Рекламные кампании Louis Vuitton до кризиса и после него – пример такой трансформации. Так, в 2007 году Скарлетт Йоханссон [для одной из съемок бренда] запечатлена в образе, который олицетворяет голливудскую роскошь. Четыре года спустя Анджелина Джоли, голливудская суперзвезда и посол доброй воли ООН, сфотографирована [также для Louis Vuitton] без макияжа, босиком на деревянной лодке в Камбодже. Изменилось понимание того, что “желают”. Ушли подчеркнуто гламурные образы, пришли тишина и самосозерцание.
Мегабренды – не единственные, кто адаптировался к такому новому виду невидимого богатства. К 2011 году зародилось новое поколение инстаграм*-брендов, например Maiyet и Studio 189, которые воспользовались скептическим отношением к корпоративному бизнесу.
Они провозгласили отказ от посреднических звеньев в создании моды. Подсветили производственный аспект, публикуя изображения, которые приоткрывали его природу. Сделали необязательным существование физических магазинов, запустив торговлю в онлайне.

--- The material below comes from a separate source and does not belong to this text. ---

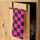 Unique Home Kitchen Dining Linens Towels. Chequered squares hot pink black geometric retro pattern gift for her. Cool retro chequered geometric square pattern. Vintage tile black and hot pink modern chequered.

Они подчеркивали ограниченность тиражей, отбор материалов и уважение к мастерству пошива – ценности, присущие люксу. Символическая ценность, которая ранее манифестировалась через роскошь или авангардность дизайна, рассматривались [такими марками] как эгоцентрика, а не попытка принести пользу сообществу.
Бренды, пренебрегшие последним в пользу первого, не смогли уловить дух времени. Gianfranco Ferre, Christian Lacroix, Yohji Yamamoto – и это лишь некоторые из них – подали заявление о банкротстве.
Скепсис по отношению к корпорациям не был для рынка чем-то новым. Так, идея fair trade восходит к началу 1990-х и делает ставку на “развитие” уязвимых производителей. Справедливая торговля, безусловно, проложила дорожку к новому типу потребления. Но она по-прежнему широко ассоциировалась с тем, что внешним видом и качеством жертвуют в пользу вклада в более справедливый мир.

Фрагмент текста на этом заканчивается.